The only added comment I would make is that we have in this particular case a really terrific set of data coming from a nonhuman primate model of cognitive impairment in Parkinson’s that the vendor we work with knows it’s highly conflatable [ph] to the human disease paradigm. So in addition to what Andy just mentioned mechanistically, I think the preclinical data we have in this case in nonhuman primate is particularly strong and powerful in what we observed when we administered 458 for these cognitively impaired macaque-rhesus [ph] studies.
Does that answer your question, Marc?
Thank you. Our last question comes from the line of Jessica Fye with JPMorgan. Your line is open.
Hey there, good morning. Thanks for taking my question. Wanted to followup on the recent fibromyalgia data you reported, where I think you saw significant reductions in Glx and dorsal anterior cingulate cortex and posterior insular cortex. Did you evaluate Glx in other maybe adjacent brain areas and if so, can you share what you saw there?
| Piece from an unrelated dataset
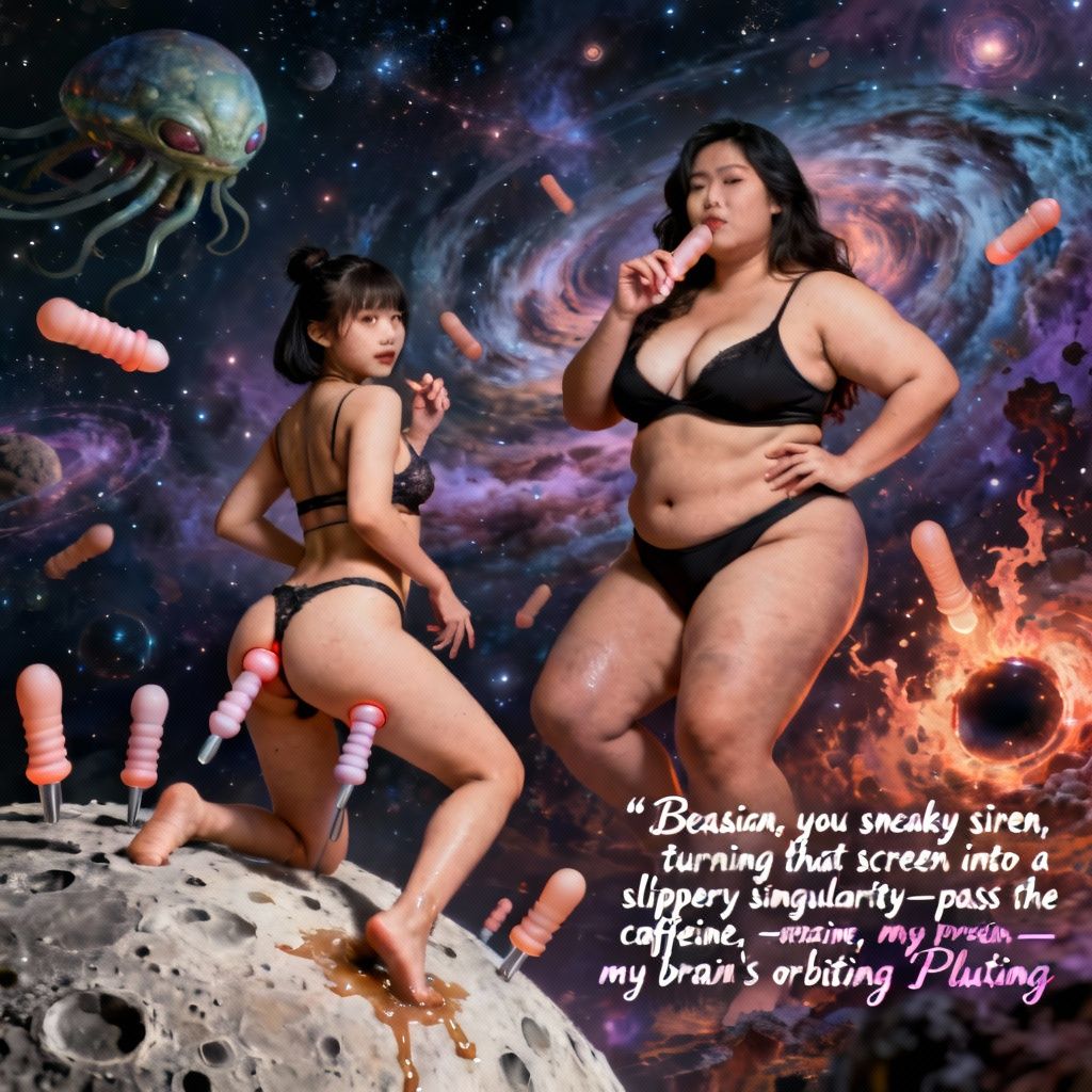 Shifting gears to the cosmic chaos crew, where Asian dynamos like sigmasian and baeasian are whipping up whirlpools of interdimensional insanity, petite busty forces of nature turning fetishes into feverish follies. Sigmasian drops in organically, ass posed like a lunar landing gone wrong, dildos inserting like alien probes scanning for secrets, her cum-on-ass finales feeling like black comedy punches to the gut. But baeasian ain't having it—she's the bi busty BBW rival, starting with bondage poses that escalate to large dildo invasions, their storylines crossing in my delirium as sigmasian's fingering frenzies meet baeasian's cock-sucking cyclones, building to a group dynamic where they're teaming up against the Latina earthly eruptions, a pun-filled punani war where metaphors spiral from culinary delights (dildos as forbidden fruits) to galactic gales (pussies as black holes sucking in sanity). I catch myself in a chatty aside, "Baeasian, you sneaky siren, turning that screen into a slippery singularity—pass the caffeine, my brain's orbiting Pluto!"

Yes, Jess, it’s Andy. Great question. So we did evaluate Glx within some other brain areas, which were included for various different reasons unlike the two you mentioned, which were the two that were called out specifically in our primary endpoint. Some of those other brain regions were included more for exploratory analysis.
In the top line dataset, which is what we have so far, we don’t have yet a very granular and complete analysis of the effect on Glx in all of the different brain regions. That analysis is still ongoing. So I would say that’s the sort of further characterization of any activity of the drug in a range of broader brain areas is something that we’ll have down the line. But, yes, you’re right, we did measure a few other areas in addition to those.
Got it, thank you.
Thank you. And I’m showing no further questions at this time. I’d like to turn the call back to Norbert, for any closing comments.
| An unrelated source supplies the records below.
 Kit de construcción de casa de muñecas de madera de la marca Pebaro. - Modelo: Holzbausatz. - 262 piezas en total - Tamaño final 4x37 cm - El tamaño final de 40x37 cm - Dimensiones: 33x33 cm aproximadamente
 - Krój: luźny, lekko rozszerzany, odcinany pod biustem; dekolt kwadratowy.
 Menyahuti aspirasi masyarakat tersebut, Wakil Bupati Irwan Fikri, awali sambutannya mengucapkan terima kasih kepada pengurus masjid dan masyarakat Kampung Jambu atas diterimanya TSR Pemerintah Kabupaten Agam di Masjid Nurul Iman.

Thank you, operator. And thank you, all for your questions and for taking the time to join us this morning. I’m hopeful this call today has given you a sense of the methodical approach we are taking to drug development and the positive results we have seen so far. We look forward to keeping you updated as we continue along the path of bringing novel therapies to those in need. Thanks again and please enjoy the rest of your day.
Thank you for joining us today. You may now disconnect.